In an article written in October 1946, Serge summarized his ideas. With socialism having “suffered defeat after defeat since 1920, totalitarian communism having stabilized as counter-revolution in relation to the communist movement, and, on the economic plane… the advent of an economy rigorously planned and collectivist,” he insisted that “it requires an idealistic naïveté completely lacking in scientific spirit to imagine that these facts, aggravated by the bloodletting, destruction, and privations of wartime could produce a socialist revolution.” Reconnecting with his anarchist-individualist roots, with its insistence on individual judgment and the need for education of the masses, Serge felt that the social movements to come, after the masses have gone through a long period of education, should aim for “the reconstruction of vast movements capable of becoming salutary forces… to check communist totalitarianism.”
Despite this thoroughgoing critique of left orthodoxies, in an article Serge published in an independent left magazine in France in 1946 on the nearly three decades of Soviet Russia, he asserted that “socialism, [as] movement and idea, seems to have a great future before it.” But what kind of socialism? It would be a socialism that defended democracy, “not just for the benefit of the proletariat alone, but for the benefit of all workers and even nations. In this sense, the proletarian revolution is no longer in my eyes our end. The revolution we plan to serve can only be socialist in the humanist meaning of the word, and more exactly socialist leaning, [and] carried out democratically, in a libertarian fashion.”
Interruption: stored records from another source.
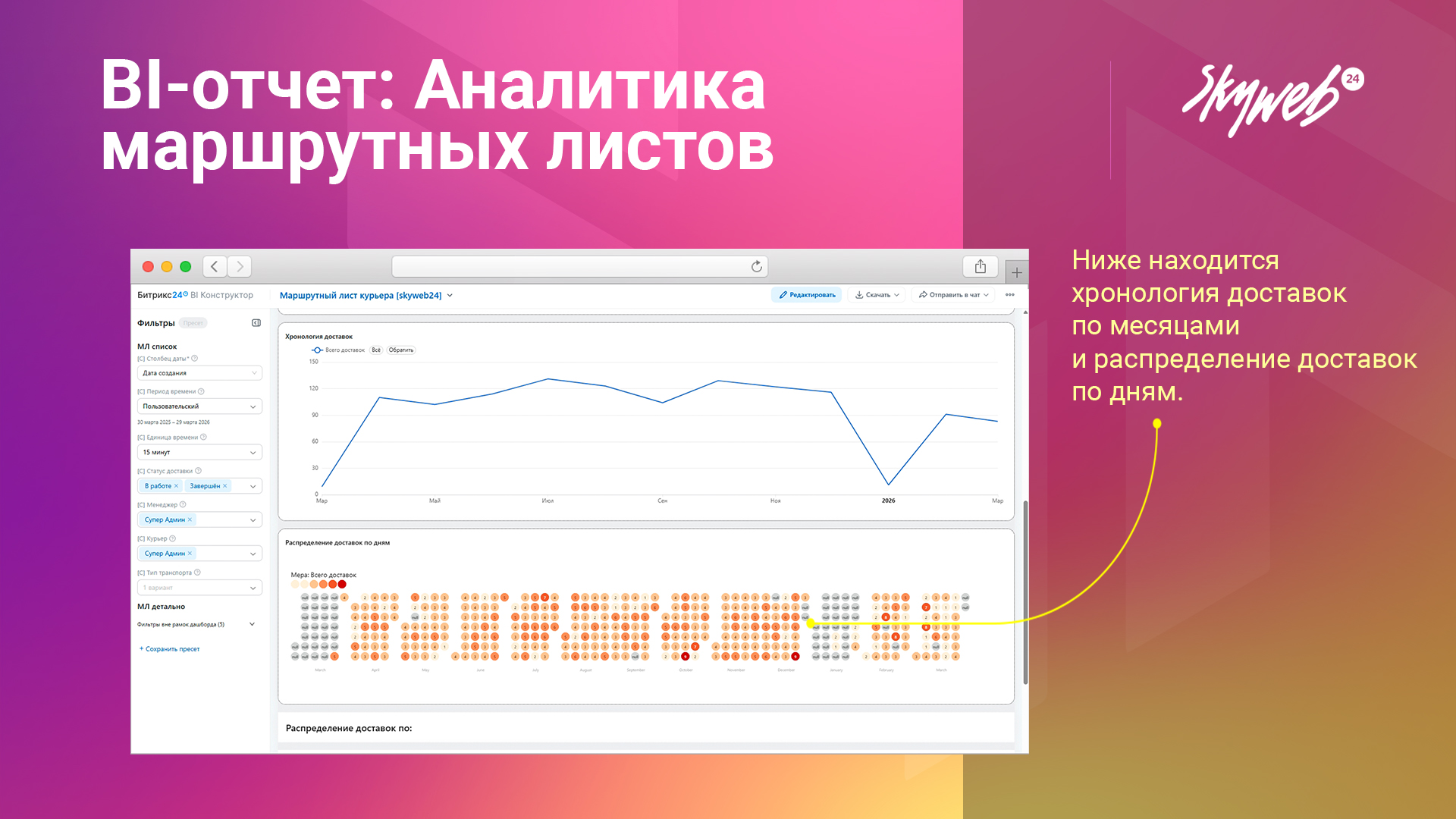 - 27 графиков, таблиц и диаграмм для комплексного анализа доставок.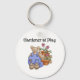 A teddy bear in blue bib overalls tends to his flowers in clay pots and text reads "Gardener at Play" on gardener T-shirts, mugs, tote bags, mousepads, stickers, buttons, and other items.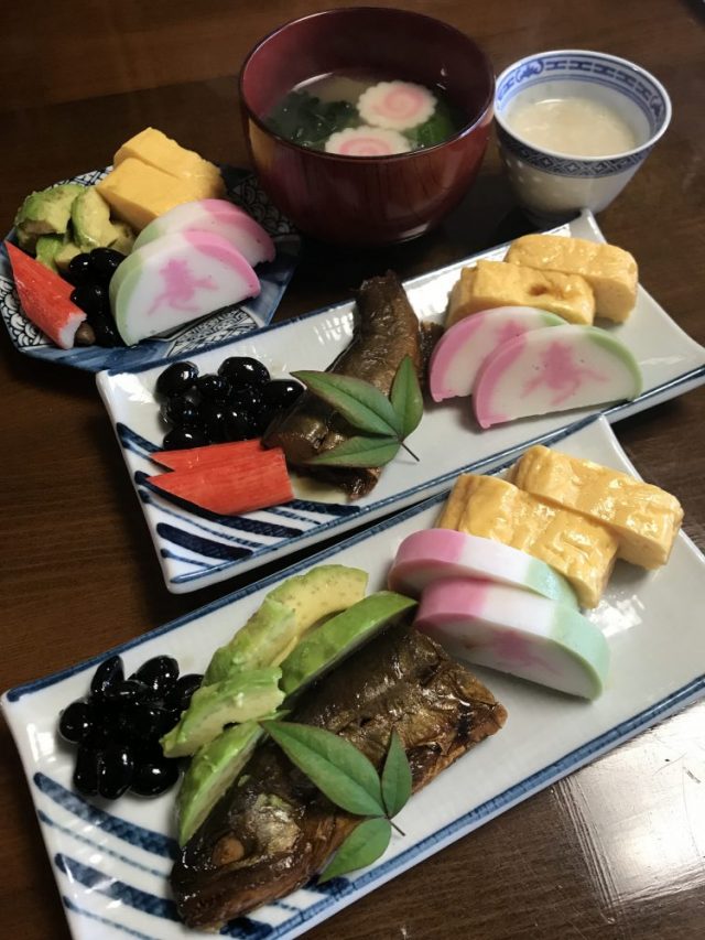 元旦の朝は「即席おせち風・朝食」を父と作った。お雑煮&甘酒つきで、ニッポンのお正月感アップ。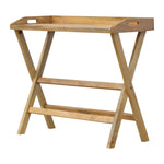 This practical and timeless butler-style writing desk combines both a modern and classic style for everyday use throughout the home. The piece has been constructed from 100% solid mango wood in an oak-ish finish and features practical foldable legs, similar to our butler tray but featuring a cutout detail and ample space to work or study on. The folding mechanism requires the tray to be removed prior to the de-assembling of the base.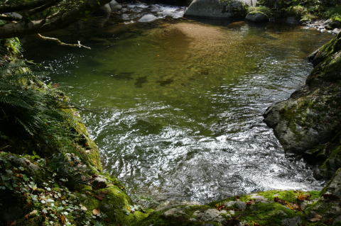 釣り登った岩から渓を振り返って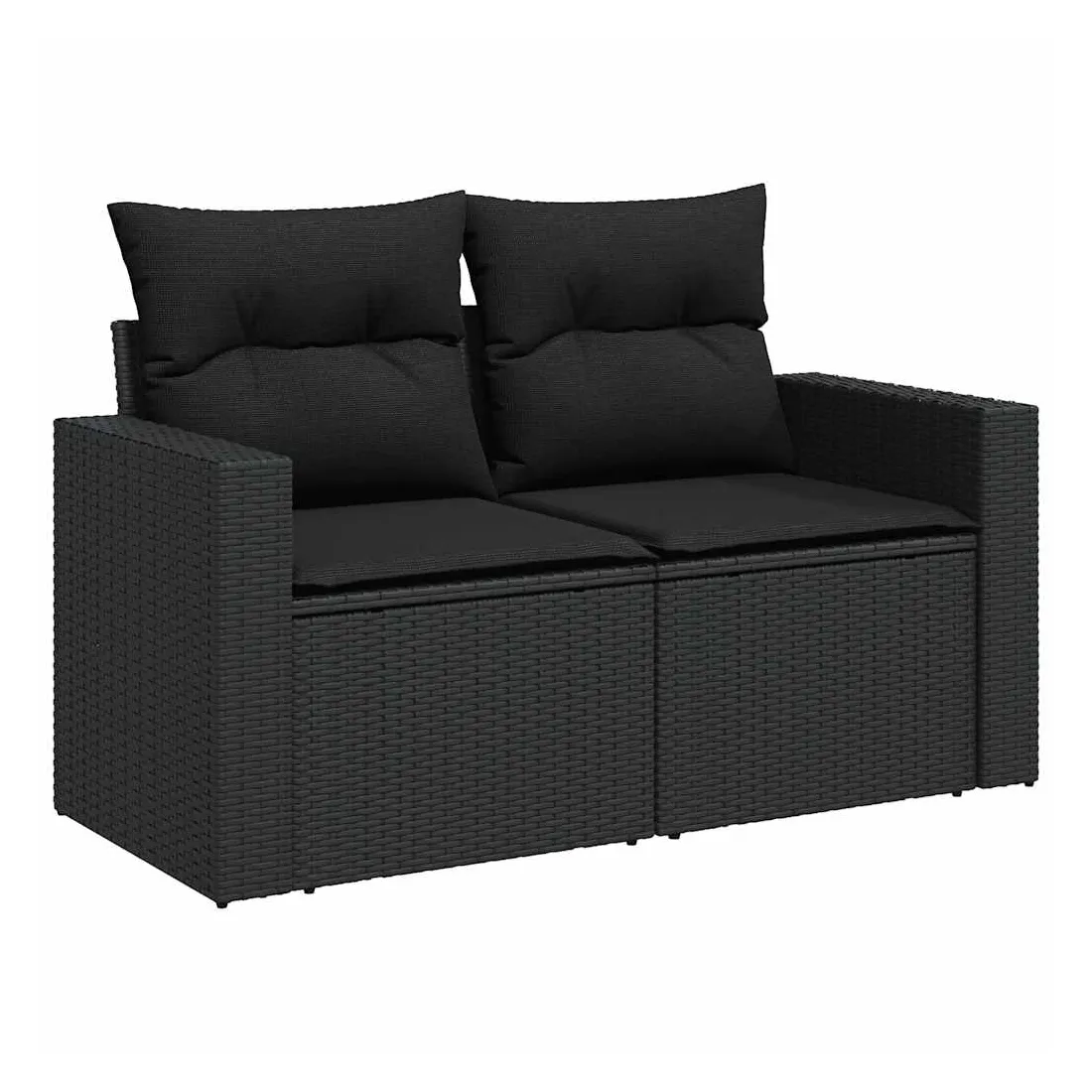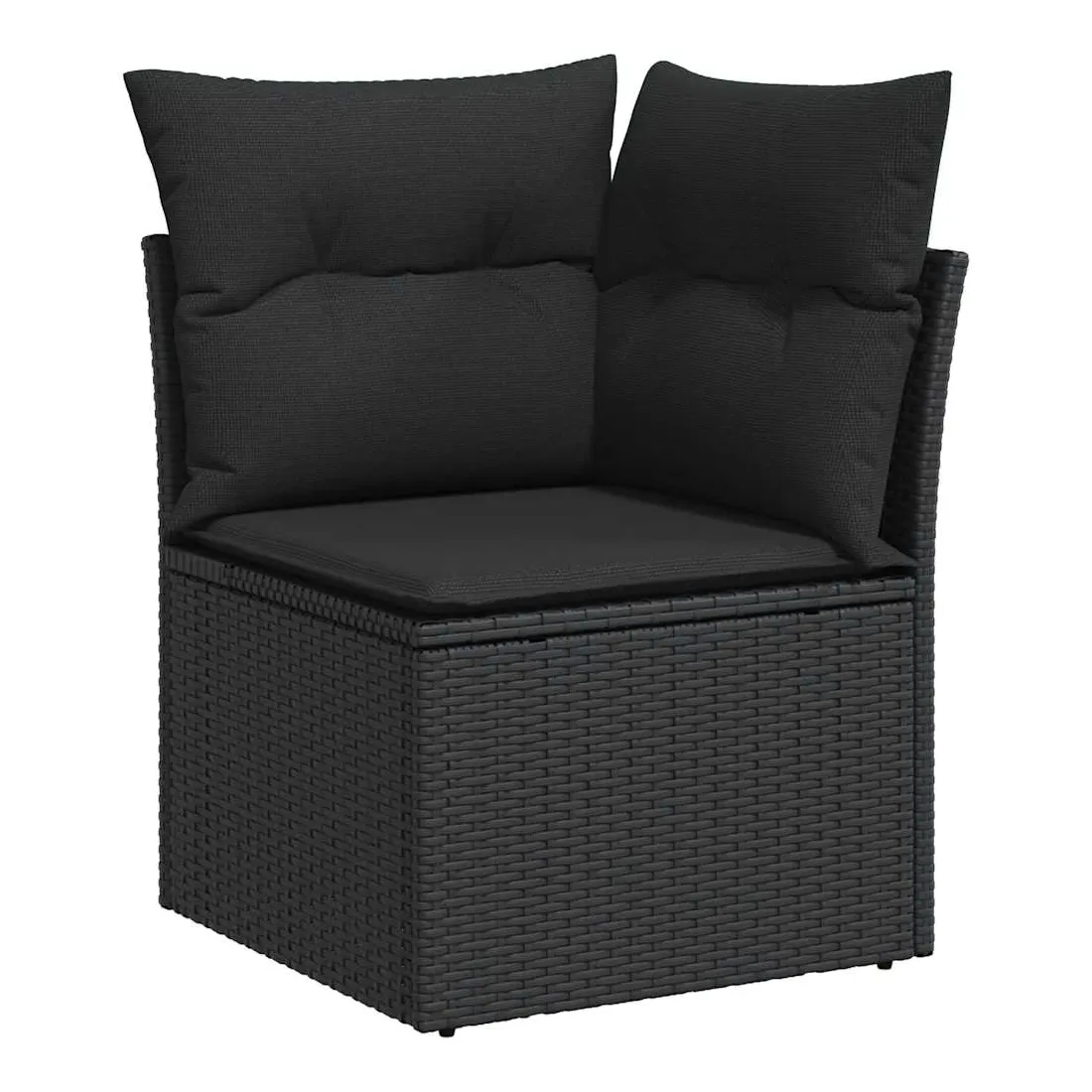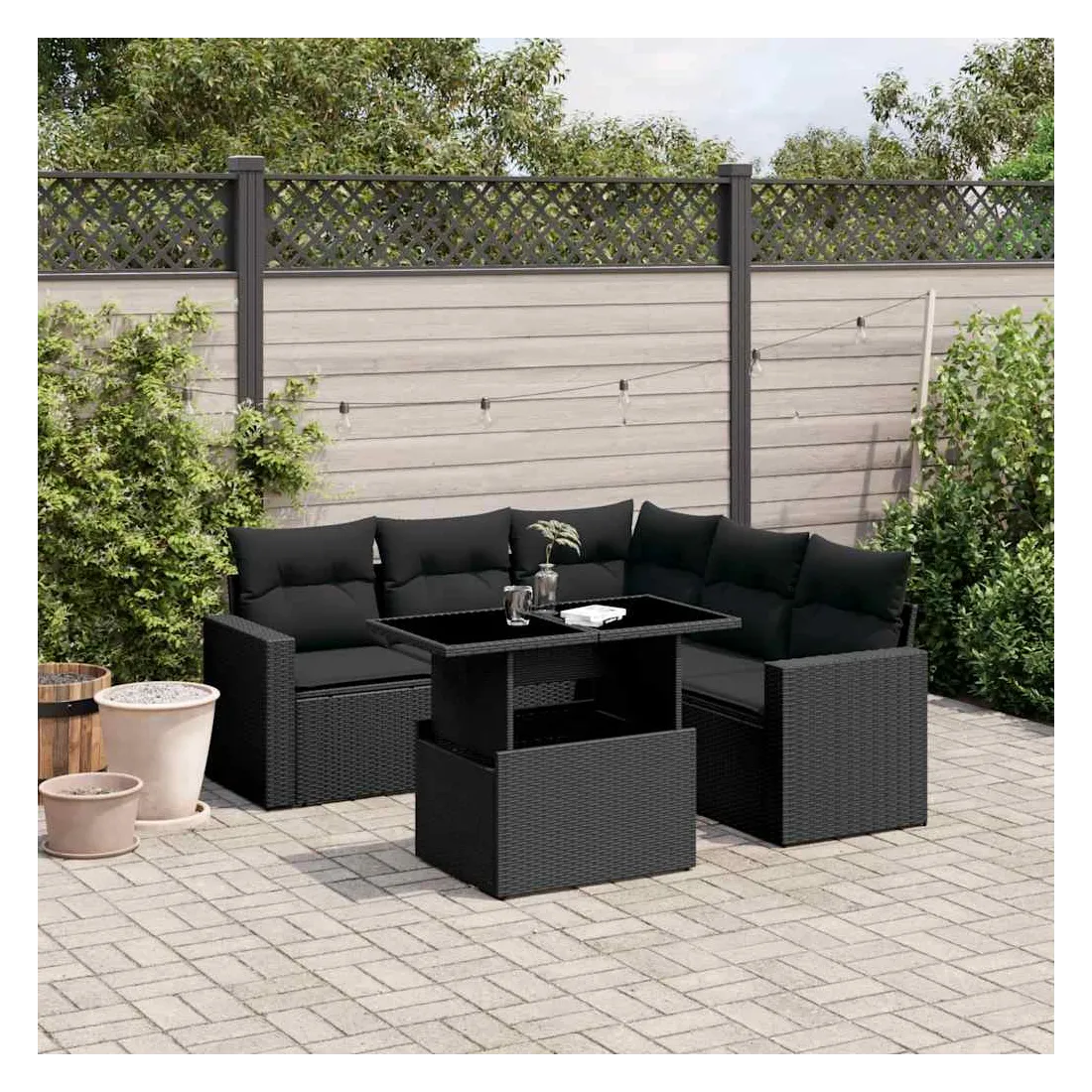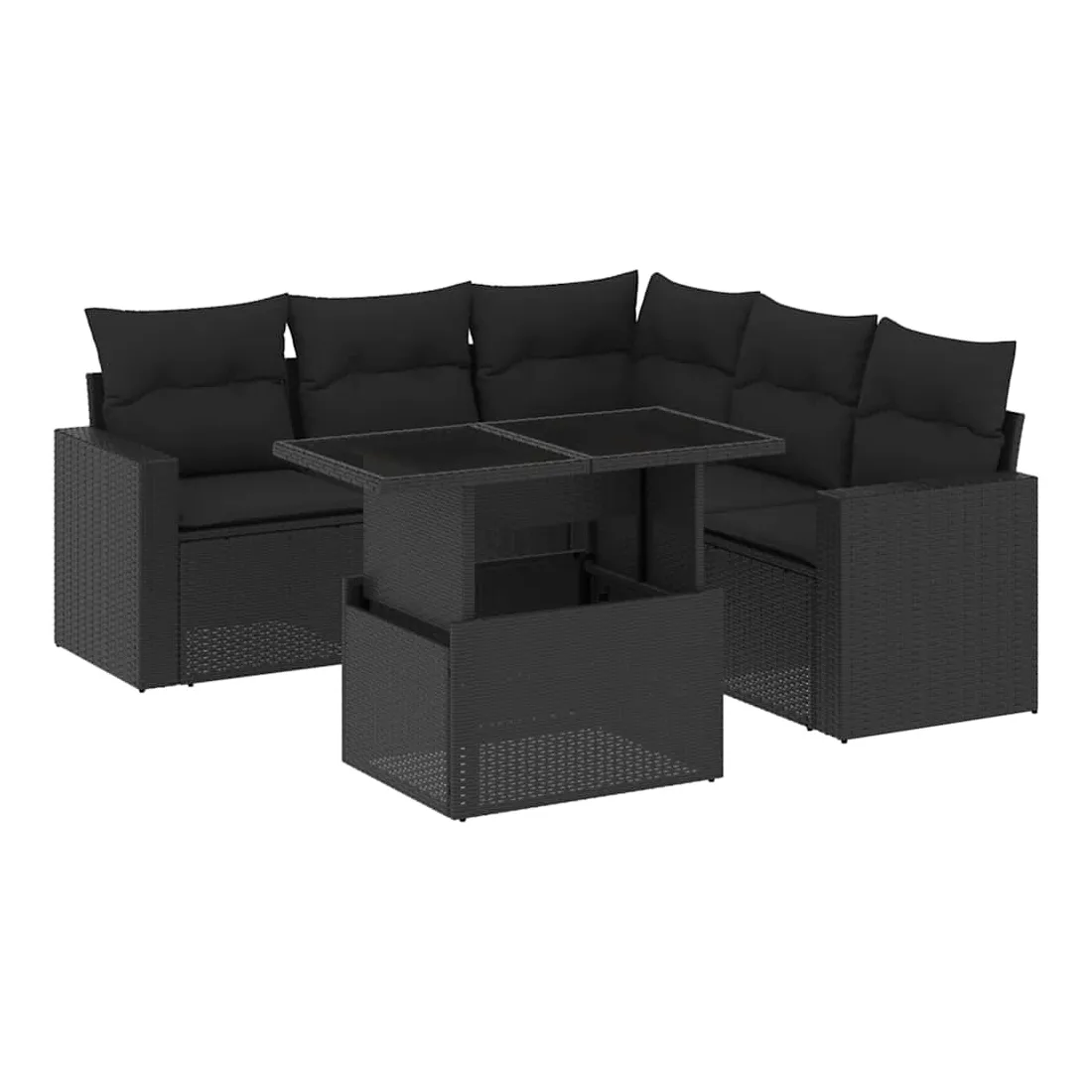 Salon de jardin 6 pcs avec coussins noir résine tressée

Serge died in Mexico a European, a believer in a united Europe, in Europe as the fount of culture. In an unpublished interview given a month before his death, he asserted that “Latin America, for as long as it has existed, has received all its spiritual nourishment from Europe.” Despite the destruction of the war years, he insisted he had “faith” in the coming “European rebirth,” one that will bring about a “society organized for and by the freedom to create.” The postwar Europe he envisioned would give the example of a “humanist society, rational in its organization, stable, and filled with the sentiment of justice.”
In his final days, Serge called for “the reduction—as a start—of national barriers,” and felt the countries of Europe had no future “except in federation and in cooperation with the United States.” He insisted that Germany had to be recognized as part of the Europe to be rebuilt, and that what was necessary was “the reconciliation of the victims.” His last words were not a call to the barricades, but a reminder that “all the peoples [of Europe] were crushed by the infernal machinery that dominated them. In order to be cured of this psychological block they must recreate a fraternal soul, having in sight a common future.”
The final dream of Victor Serge, an exile at the end from revolutionary illusion, was a democratic, socialist-leaning Europe. It was as if he realized that in the world emerging from World War II, the truly radical position, the idea worth fighting for despite it all, was that expressed in Orwell’s lapidary definition in The Road to Wigan Pier: “Socialism means justice and common decency.”
Notebooks 1936–1947, by Victor Serge, edited by Claudio Albertani and Claude Rioux, and translated from the French by Mitchell Abidor and Richard Greeman, is published by New York Review Books.
The main image heading this essay was originally captioned, per Getty Images, as dating from 1939; after Getty revised its caption to date the photograph to circa January–March 1941, the article was updated.